Maegor’s first order of business? Burn the Faith Militant to the ground and cement his legacy as Maegor the Cruel. Literally. Maegor mounted up on his dragon Balerion and burned the Sept of Remembrance to the ground, with the Faith Militant inside. Then, instead of rebuilding the memorial to his aunt, Maegor declared the space would be repurposed as the Dragonpit. Construction began immediately. It would stand for less than 100 years.

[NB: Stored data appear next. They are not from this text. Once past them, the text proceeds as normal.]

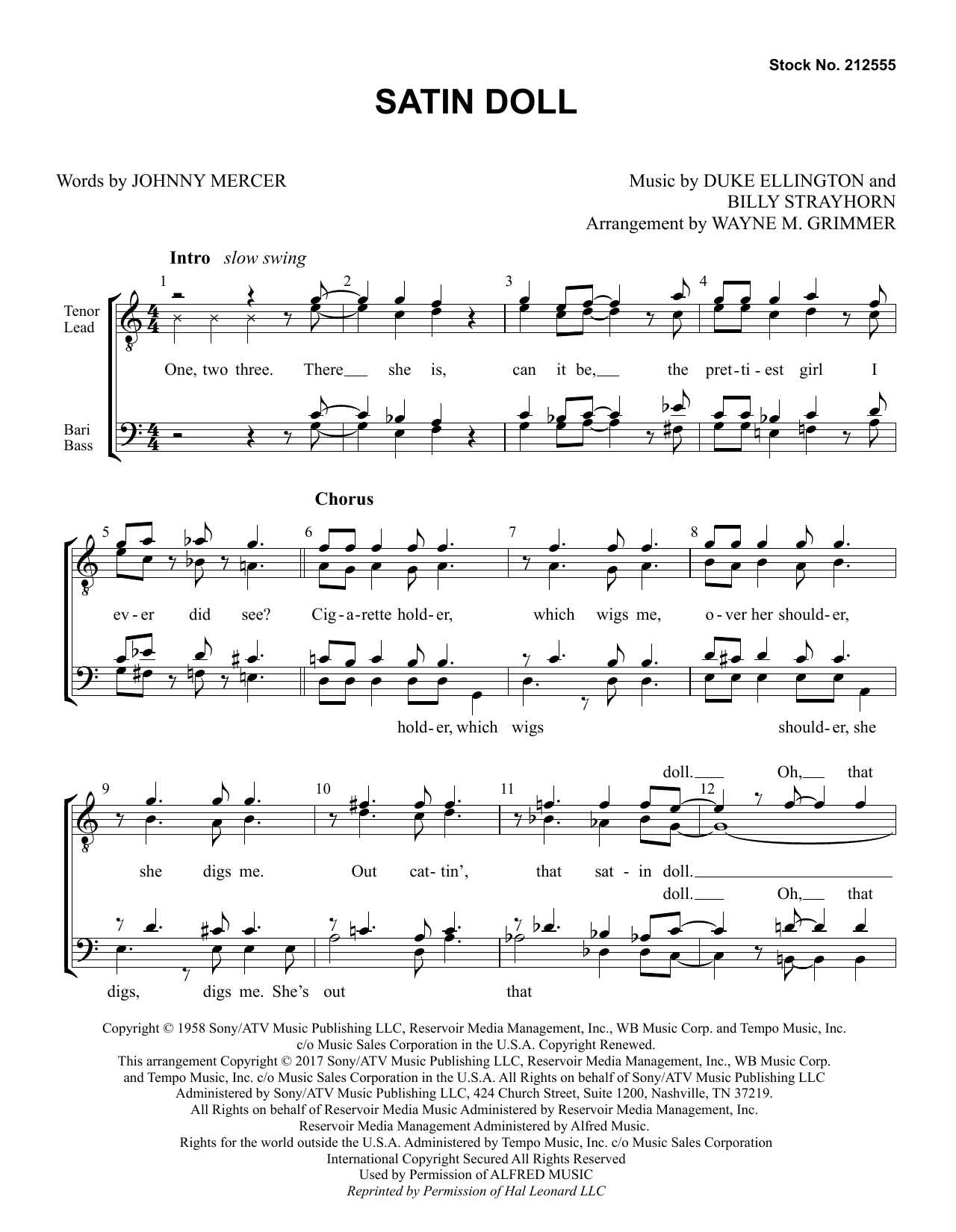Download or print Johnny Mercer Satin Doll (arr. Wayne Grimmer) sheet music, chords and digital score arranged for TTBB Choir. This Barbershop score includes 5 page(s).
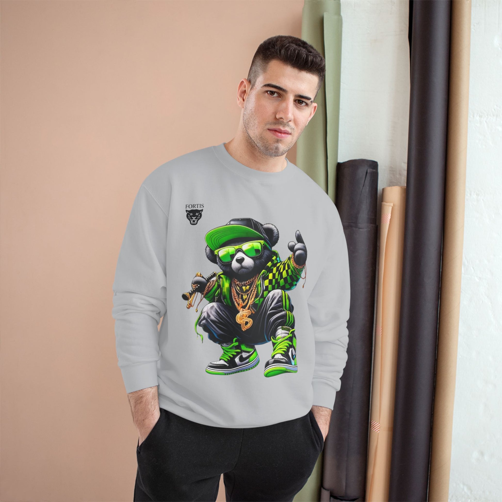 Hip Hop Bear Champion Sweatshirt — Streetwear Crewneck with ‘Champion’ Style Graphic
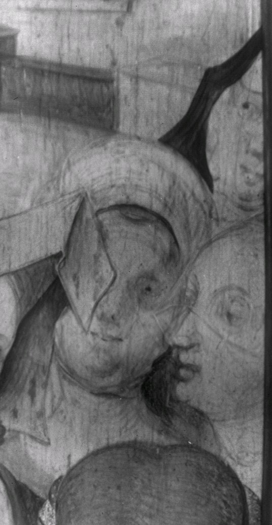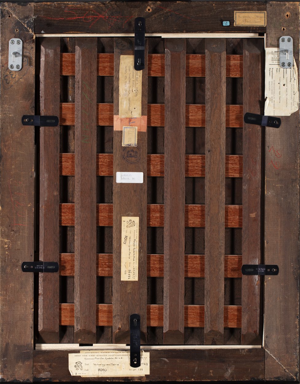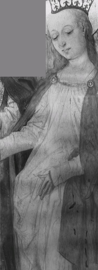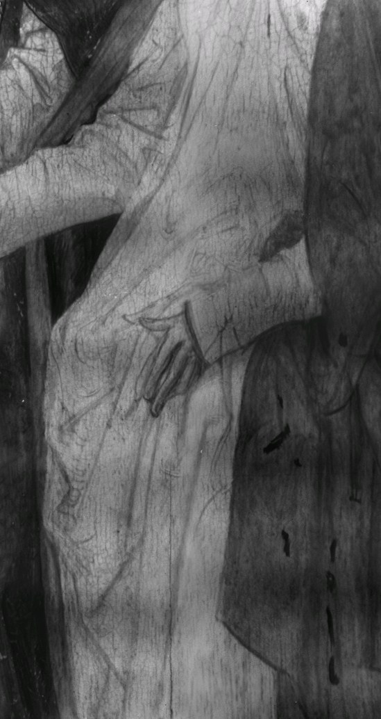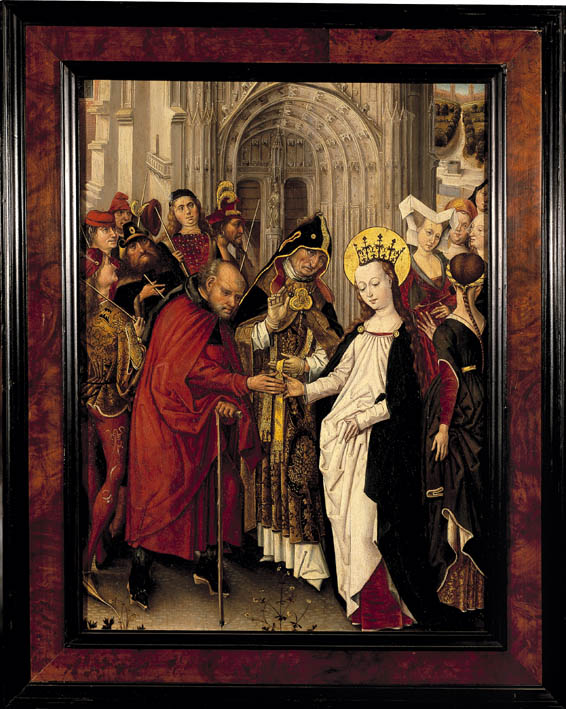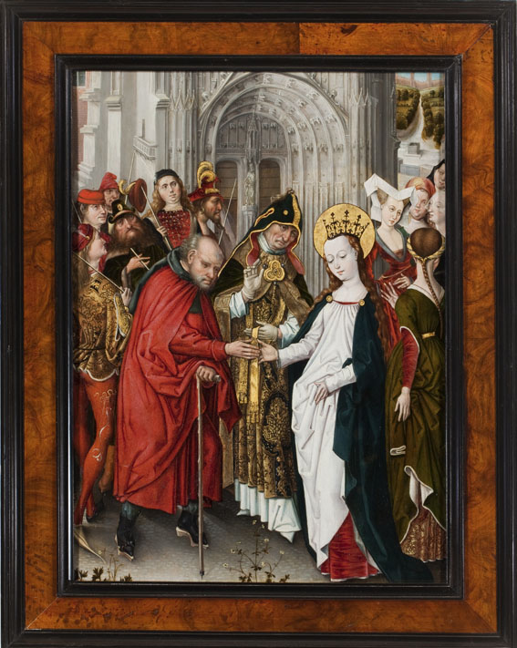De ceremonie speelt zich af voor het zuidportaal van de Onze-Lieve-Vrouw-op-de-Zavelkerk te Brussel. Jozef en Maria staan aan weerszijden van de priester en houden hun rechter hand tegen diens stola. Achter Jozef staan de afgewezen huwelijkskandidaten met in hun handen de niet tot bloei gekomen stokken. Achter Maria staan enkele vrouwen. Alle figuren dragen contemporaine ...
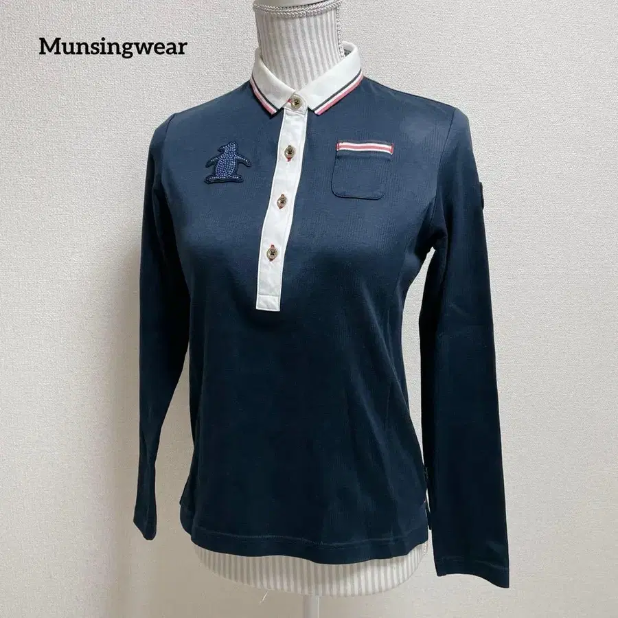 먼싱웨어 골프웨어 긴팔 셔츠 펭귄 와펜 네이비
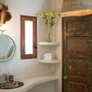 The main floor of Zorba Uno is spacious and bright with an open floor plan that encompasses the fully equipped kitchen, a lounge area with comfortable furnishings, and glass doors that open right up to offer spectacular views of the sea. The doors can be opened up wide to let in sea breezes. Right outside of them, guests will find an alfresco dining area perfect for having a meal together and enjoying the natural wonders all around the villa’s grounds.
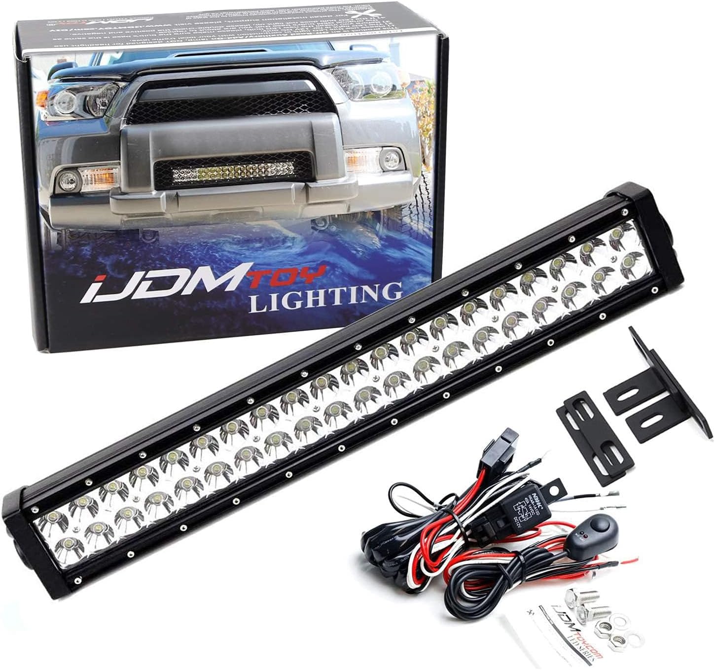 iJDMTOY Behind Lower Grille 20-Inch LED Light Bar Kit Compatible with 2010-2013 Toyota 4Runner, Includes (1) 120W LED Lightbar, Lower Bumper Mesh Mounting Brackets & On/Off Switch Wiring Kit

During the civil war between Aegon II and his sister Rhaenyra over succession to the throne, the Dragonpit was destroyed. The conflict, known as the Dance of the Dragons, split the Targaryen faction is half and dragonfire rained down on the smallfolk throughout the Seven Kingdoms. Into this chaos, a man known only as the Shepherd appeared. Preaching that dragons were the spawn of demons and must be destroyed, the Shepherd whipped the terrified and starving smallfolk of King’s Landing into a frenzy. This eventually culminated with thousands of people storming the Dragonpit to “cleanse” their city of evil. At the time, four dragons were housed in the Dragonpit — Shrykos, Morghul, Tyraxes, and Dreamfyre. Of the four, only Dreamfyre managed to temporarily escape the massacre, freeing herself from the chains that bound her to the Dragonpit and slaughtering her attackers by the hundreds. Another dragon — Syrax — had been at King’s Landing when the massacre began. Set loose by Prince Joffrey Velaryon, the riderless dragon cut down hundreds of people in rage, eating dozens of men whole, before finally succumbing to injuries of the mob. By the end of the night, the Dragonpit as nothing but a flaming ruin.

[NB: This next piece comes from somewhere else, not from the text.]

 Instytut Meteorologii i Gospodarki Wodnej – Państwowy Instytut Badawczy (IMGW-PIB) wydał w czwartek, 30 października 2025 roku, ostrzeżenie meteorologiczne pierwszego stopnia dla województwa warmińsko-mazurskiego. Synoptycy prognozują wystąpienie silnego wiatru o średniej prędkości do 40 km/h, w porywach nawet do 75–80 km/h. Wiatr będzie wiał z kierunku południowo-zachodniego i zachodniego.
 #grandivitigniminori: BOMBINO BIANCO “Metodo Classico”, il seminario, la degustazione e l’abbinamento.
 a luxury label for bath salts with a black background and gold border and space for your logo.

The smoking ruins of the Dragonpit would remain sealed for almost 80 years, only reopening during the reign of King Aerys I for the most depressing reason: the plague. Known as the Great Spring Sickness, the disease ravaged the Seven Kingdoms. In King’s Landing, four in every ten people succumbed, be they highborn or smallfolk. People were dying so quickly that the bodies were quickly piling up in the streets. The Hand of King at the time ordered the dead to be taken to the Dragonpit. Once the space was full (one history claims the bodies were piled ten feet deep), the Hand ordered the pyromancers to set the Dragonpit ablaze with wildfire to cleanse the city. The fire burned for days, spiraling out of control and eventually consuming a quarter of the city. Since then, the Dragonpit has remained sealed and abandoned. This means Cersei must have ordered her minions to clear out, not only rubble, but the ashy remains of hundreds of plague-ridden corpses in order to spruce the place up.
For what it’s worth, the great parley taking place in the dragon and wildfire scorched ruins of the Targaryen dynasty is an excellent backdrop. If the players know their history, the Dragonpit will be a somber reminder that the wheel is always turning. Whoever has the upper hand today could be crushed beneath the spokes tomorrow. Even dragons can be defeated by enough angry sheep.